Reproduce exactly the first line of the material below and every line after it, ending with the line that contains "男性向けラノベタイトル風あだ名 | 『タケシカケルアートオンライン』 |". No pictures should be copied.

▶ Provided material
+ + + +

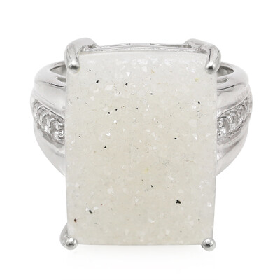 Experimente el encanto de este cautivador anillo de plata de ley 925, con un opulento Glitzer-Achat brasileño de 16,95 quilates. El ágata talla cabujón antigua, que mide unos impresionantes 19x14,5 mm, resplandece con un brillo cristalino, perfectamente enmarcado por ocho brillantes topacios blancos redondos. Esta encantadora pieza logra un armonioso equilibrio entre el encanto clásico y la elegancia moderna, lo que la convierte en un accesorio ideal para una sofisticada salida nocturna o como pieza destacada para lucir a diario.
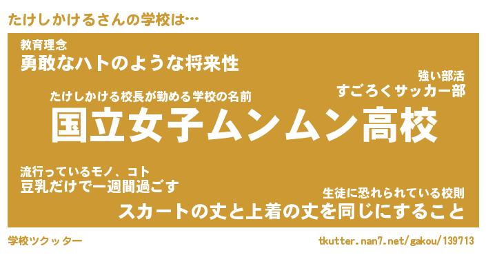 | 男性向けラノベタイトル風あだ名 | 『タケシカケルアートオンライン』 |
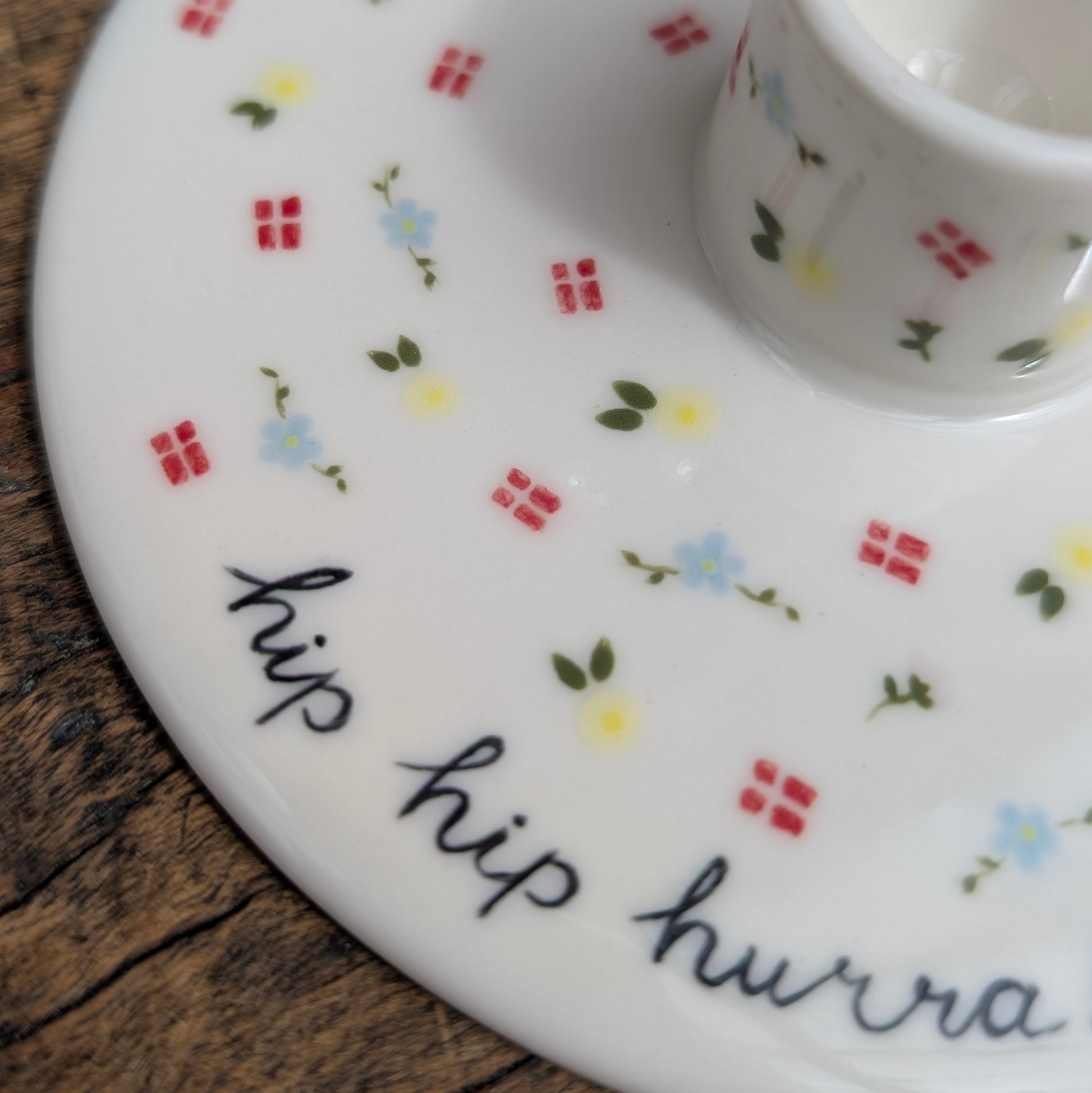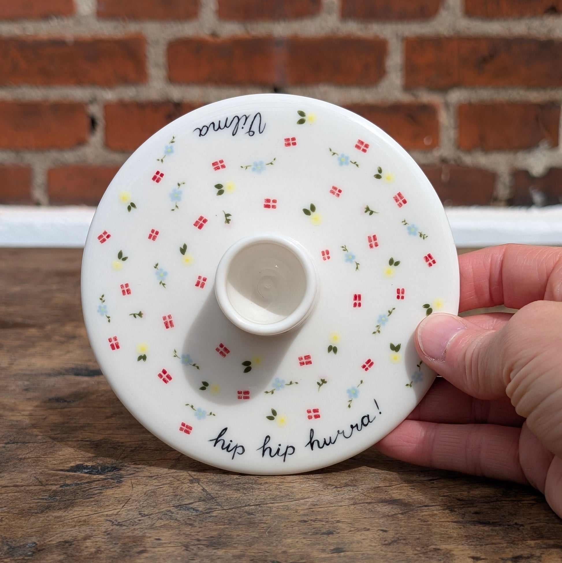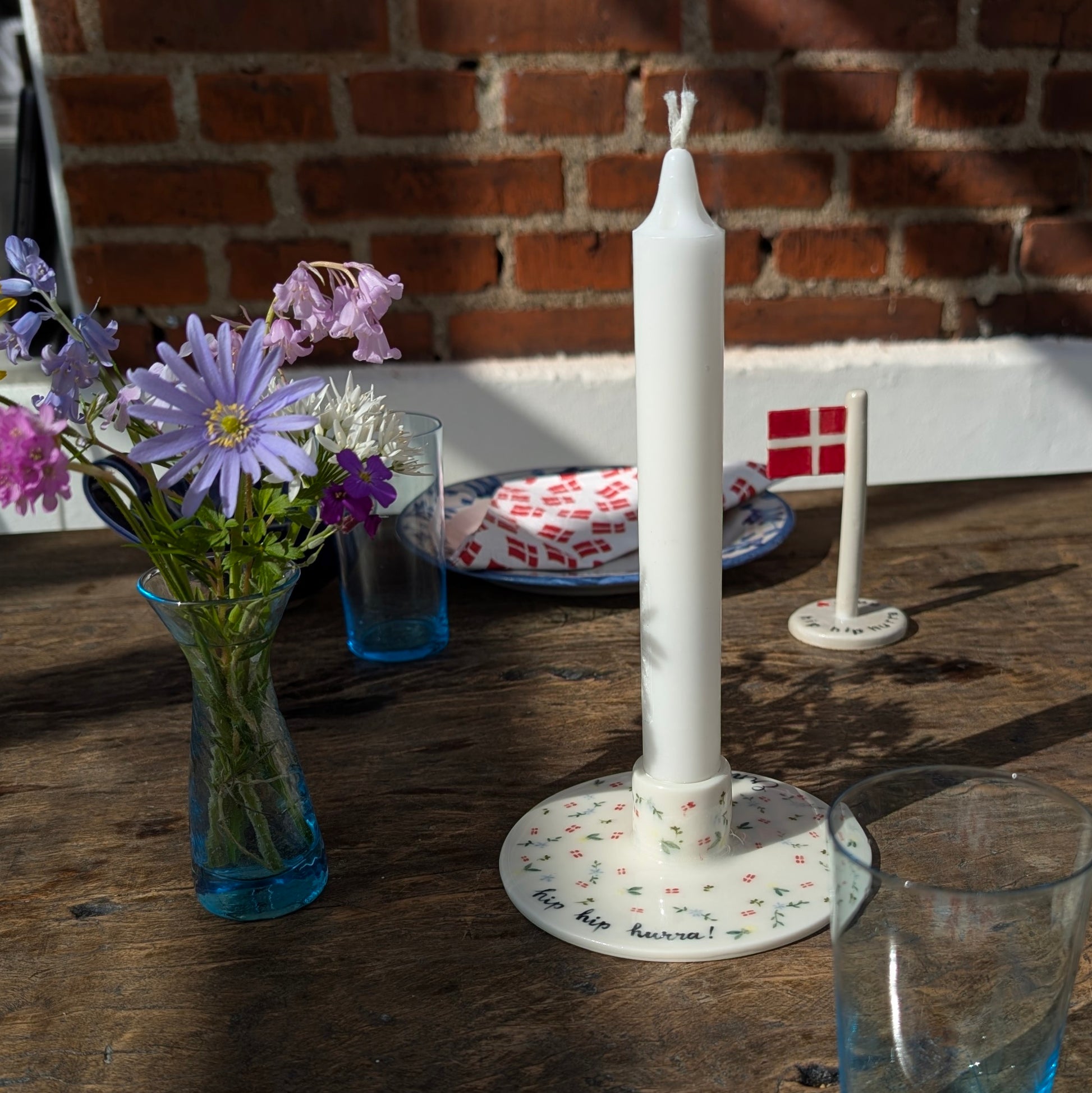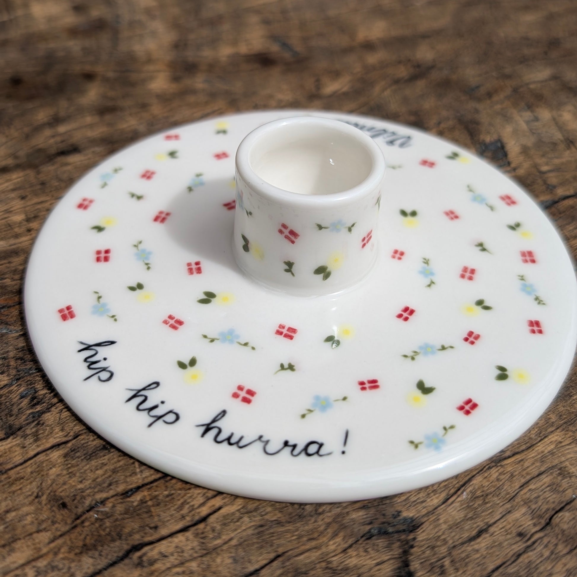 Smuk personlig lysestage drejet i porcelæn, perfekt til alle årets fejringer. Jeg dekorerer stagen med flag og blomster, og som udgangspunkt teksten "hip hip hurra!" samt et valgfrit navn. Du har dog også mulighed for at undlade navnet, så alle i familien kan bruge den. Perfekt som gave til dåb, fødselsdag, bryllup, konfirmation - kun fantasien sætter grænser. En mulighed er fx også "Tillykke" og så brudeparrets navne eller festens hovedperson.

+ + + +

▶ Answer box
 Experimente el encanto de este cautivador anillo de plata de ley 925, con un opulento Glitzer-Achat brasileño de 16,95 quilates. El ágata talla cabujón antigua, que mide unos impresionantes 19x14,5 mm, resplandece con un brillo cristalino, perfectamente enmarcado por ocho brillantes topacios blancos redondos. Esta encantadora pieza logra un armonioso equilibrio entre el encanto clásico y la elegancia moderna, lo que la convierte en un accesorio ideal para una sofisticada salida nocturna o como pieza destacada para lucir a diario.
 | 男性向けラノベタイトル風あだ名 | 『タケシカケルアートオンライン』 |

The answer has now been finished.